Ron Whyte is planning to expand his barbecue restaurant, Big Daddy's, adding indoor and outdoor seating and maybe more parking. Eventually, he says the light rail project could be a net positive for his business, where sales dropped about 40 percent for four to five months.
"One time you couldn't even get to us," he said. "The street was all tore up. You had to drive a half-mile down the street to turn onto another street. And if you weren't familiar with us, you weren't able to get here."
Like many business owners along the avenue, Whyte is short of parking spaces. Right now, he has no on-street parking and just a few spaces weekdays behind his shop. But Whyte says customer traffic has been picking up.

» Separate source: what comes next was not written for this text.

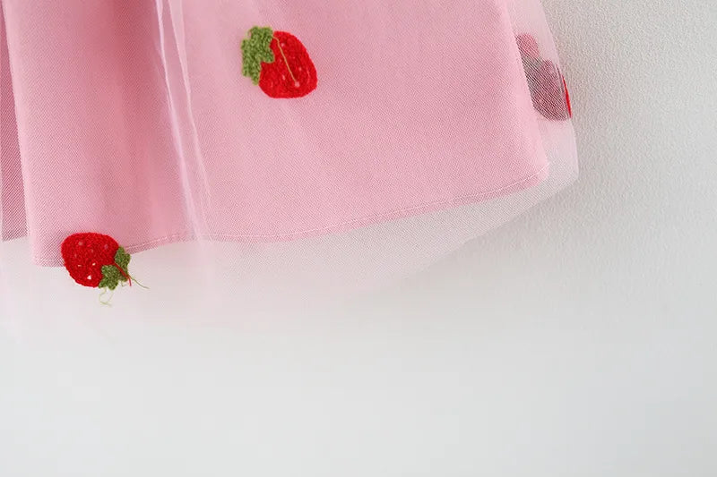 Summer Princess Dress: Strawberry Embroidery & Bow Details

The Metropolitan Council says the light rail line between St. Paul and Minneapolis is 94 percent complete and should open by July of next year, in time for Major League Baseball's All-Star game at Target field.
Meanwhile, the Council has been funding a $1 million campaign to encourage people to patronize University Avenue businesses through ads on billboards as the sides of Metro Transit buses.
Since light rail construction began on University Avenue in March 2011, about 110 business have closed or moved off the entire light rail line route, not just on University, said Council spokeswoman Laura Baenen. But about 140 have opened, including some that have re-located along the line. Businesses affected by the project have received several million dollars in forgivable loans and other assistance programs.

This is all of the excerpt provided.